Большая сенсация: детектив Токугава снова пристаёт к Кобаяши — общеизвестному бизнес-деятелю, любителю искусства, филантропу и просто красавцу.
— Детектив Токугава, как вы прокомментируете сегодняшнюю облаву? Это правда, что у вас ничего нет на Кобаяши?
Кенши скрипит зубами, отпихивая микрофоны от лица, борясь с желанием засунуть их вопрошающим в глотки. У него и так работа не сахар, так ещё и стервятники налетели в очередной раз.
— Без комментариев, — вежливо улыбается он, пытаясь повернуться к камерам рабочей стороной лица, а то постоянно получается в новостях пухлым и хмурым.
Он входит в отделение, заранее чувствуя, что в очередной раз проиграл.
— Его отпускают, — сержант на ресепшене, Химавари, разом опускает настрой ниже плинтуса.
— Даже допроса не дождётся?
— Капитан с ним уже говорил, но налетели адвокаты, ну, и, ты понимаешь… Не всё было гладко при задержании, кто-то его то ли ударил, то ли сжал не так.

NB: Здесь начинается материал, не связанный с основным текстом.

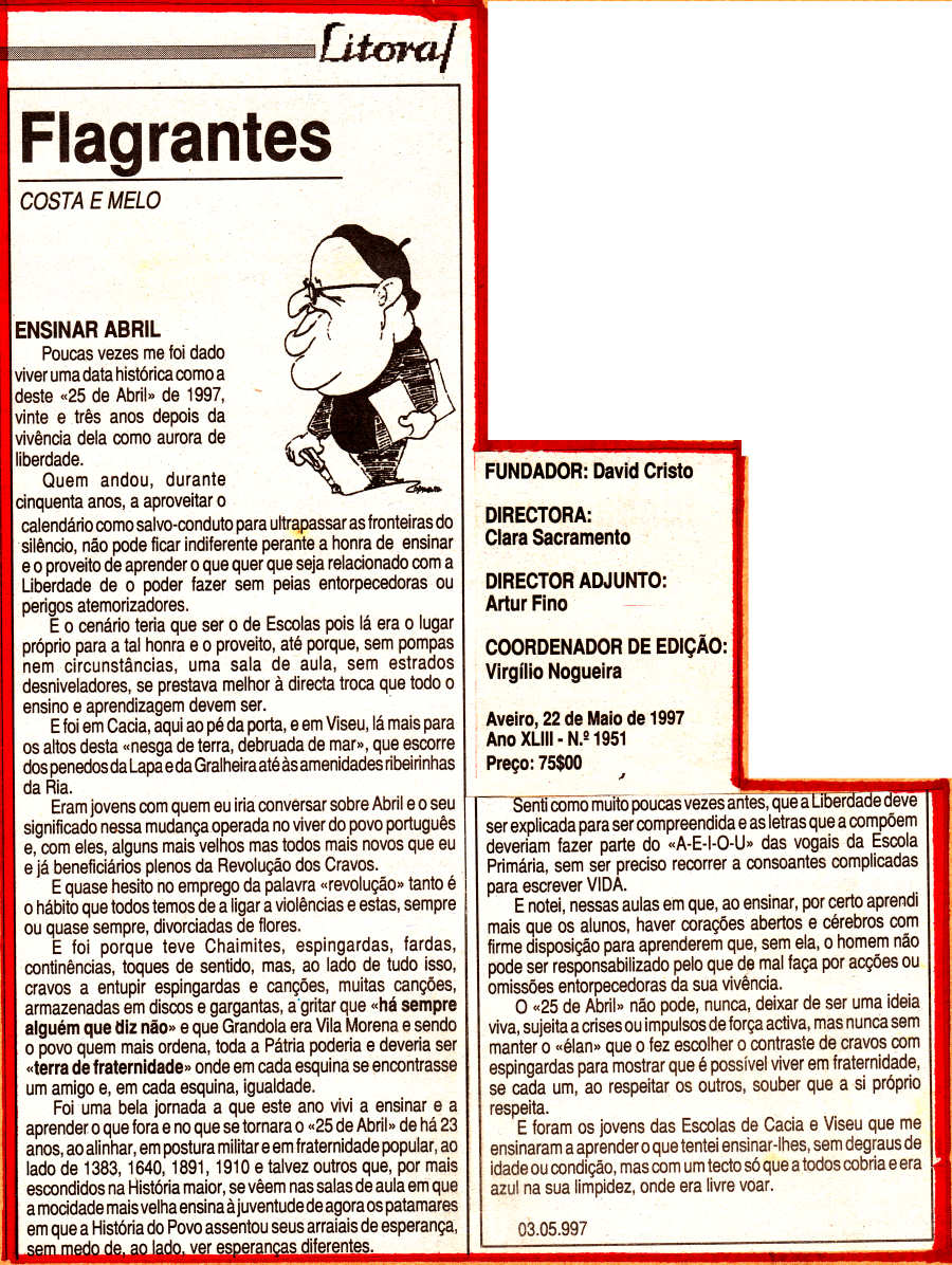 Na passagem do vigésimo terceiro aniversário da revolução de abril
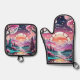 Berge, Fluss, Art Deco, Zuhause Ofenhandschuh & Topflappen-Set
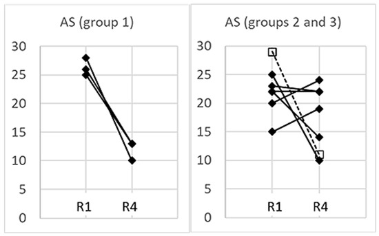 AS values obtained from all 10 subjects in sessions R1 and R4. In the interest of greater clarity, the subjects of group 1 are presented in the left panel and the subjects of groups 2 and 3 in the right panel. Subject #6 (group 3) is marked as ☐- - -☐.

Наркотики — личная собственность бармена, он признался и сядет, не моргнув глазом, ну и так по накатанной. Кобаяши окружён весьма полезными людьми.

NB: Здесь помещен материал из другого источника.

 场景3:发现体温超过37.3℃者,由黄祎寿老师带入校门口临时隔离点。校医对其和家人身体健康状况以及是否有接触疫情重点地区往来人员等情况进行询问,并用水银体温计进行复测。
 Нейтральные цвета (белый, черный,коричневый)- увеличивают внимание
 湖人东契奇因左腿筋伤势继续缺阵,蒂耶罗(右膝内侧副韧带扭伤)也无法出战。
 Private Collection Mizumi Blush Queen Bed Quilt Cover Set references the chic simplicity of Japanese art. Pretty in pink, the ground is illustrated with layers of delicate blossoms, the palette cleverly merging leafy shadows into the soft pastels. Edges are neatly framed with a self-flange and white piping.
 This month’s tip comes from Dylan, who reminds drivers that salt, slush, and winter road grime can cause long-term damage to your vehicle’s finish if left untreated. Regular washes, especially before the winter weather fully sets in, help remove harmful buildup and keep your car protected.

— Нам бы таких, — в висках начинает колоть от пережитого дня и бессмысленного вечера. Кенши трёт висок костяшкой пальца, жмурясь, — но бледный рассеянный свет участка проникает под веки, не давая ни секунды расслабления.
— Это точно, — кивает Химавари. — И ещё кое-что…
Попахивает подвохом, но выбора нет, и Кенши со вздохом спрашивает:
— Ну что?
— Он не уходит… Ждёт тебя.
Ткнуть лицом в то, что снова уходит безнаказанным. Что ж.
=
Кенши понимается по лестнице и проходит по коридору в допросную. Набирает побольше воздуха в грудь, открывая дверь.
— Что такое, Маки-чан, решил сдаться сам?
Кобаяши сидит на стуле, свесившись с него в обе стороны чуть ли не настолько же. Лицо от духоты и жара лоснится, капельки пота текут по красным от напряжения вискам. Жирный ублюдок.
От него пахнет потом, дорогими сигарами и виски в пять зарплат Кенши, который тот прихватил с собой с облавы. Хоть какой-то профит с прогулки, так сказать.
— Наверное считаешь, что что-то пошло не так и в следующий раз выйдет лучше?
— Да нет, всё по плану, просто решили тебя навестить. Наловили мелких нарколыг и проституток — чем не хорошо?
— Так и будешь меня доставать? Поверь, у меня достаточно рычагов, чтобы пресечь это.
— Воу-воу, полегче, Маки-чан! Ты что, угрожаешь детективу в допросной при включенной камере?
— Камера выключена, а я всего лишь даю дружеский совет. Не лезь ко мне, наглый сопляк.
— Боюсь, этот разговор бессмысленный, Маки-чан. Я приму к сведению твой совет и, если можно, любезно от него откажусь. В следующий раз будь добр так интенсивно не прибираться перед моим приездом, я всё равно тебя поймаю.
— Сначала дорасти до моих лет, щенок. Если сможешь.
— И снова звучит как угроза.
— И снова просто дружеский совет, Токугава. Просто совет.
Он встаёт со стула, тяжело дыша, грубо отпихивая протянутую руку зарвавшегося адвоката, и выходит из допросной, оставляя дверь открытой. Адвокат семенит за ним, кланяясь при выходе.
Ну надо же, прямым ходом пролез — даже не пришлось поворачиваться боком. Жирная тупая скотина.
Бесит, бесит, бесит!
Давление в висках достигло своего предела — голова сейчас просто взорвётся. Изнутри словно кто-то чечётку отбивает по его черепушке, или сверло методично вколачивает, хотя любому идиоту понятно, что сверло нужно вкручивать.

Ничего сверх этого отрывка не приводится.